Effective performance of any cybersecurity mechanism necessitates a computationally cheap algorithm to detect any false data attack. The overall complexity of any classifier based attack detection is composed of the computational cost associated with two components i.e., feature extraction and classification. Unlike the reported techniques [29, 39], the proposed scheme involves estimation of features/attributes (state variables) using a non-iterative procedure, thereby avoiding the complexity associated with the feature extraction stage. The use of DT-based ensemble classifier for attack detection and classification allows for achieving high robustness and accuracy with the reduced computational cost compared to other classifiers like artificial neural network (ANN), SVM, and adaptive neuro-fuzzy inference system [34].

6 Conclusion

With the aim of maintaining the integrity of market operation performed by ISO, this paper proposes a scheme for detecting FDIA intended at the disruption of the MMS in the smart grid. The dynamic behaviour of system states and its impact on market operation has been used to identify FDIAs. Detecting the factiously developed nodal price allows the ISO to take the necessary steps so as to avoid market mismanagement. The market behaviour over all possible operating scenarios has been considered to discriminate the FDIA from actual contingency using an ensemble classification-based approach. The scheme involves continuous monitoring of the market operation by analysing the deviation in the nodal electricity price. For any substantial deviation, the classifier identifies the corresponding scenario as an actual contingency or FDIA. The falsified data generated within the physical constraints are found to impact the market operation, while benefiting a particular market participant (utility/consumer) at the cost of others.

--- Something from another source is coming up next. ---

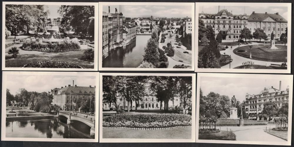 12 st små kort (c:a 90 x 65 mm) över Norrköping; ej vykort |
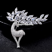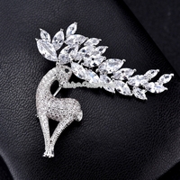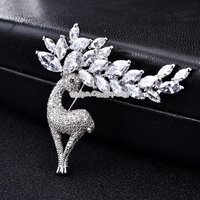 - Women Fashion Crystal Zircon Cute Deer Brooch(Silver)

The effectiveness of the proposed methodology has been extensively validated for IEEE 14, 39, and 57 bus systems. For different operations of the MMS, the proposed DT based ensemble classifier is found to effectively detect FDIAs of varying type and magnitude. It has been observed that, with the proposed scheme, the attack detection accuracy for IEEE 14, 39, and 57 bus test system is observed to be \(92.25\%, 95.13\%,\) and \(97.08\%\), respectively. The improvement in the performance over other states of the classifiers (SVM, DT) is found to be more significant for systems of increased size. The uncertainty of response with regard to a false alarm is found to lie under \(5\%\) for all the test systems. In the present work, the network scenario for the DAM and RTM is assumed to be similar, and the nodal price deviation between them has been considered as a threshold to activate the classifier. Future work in this direction would include a possible change in network configuration or sensor failure between the execution of DAM and RTM.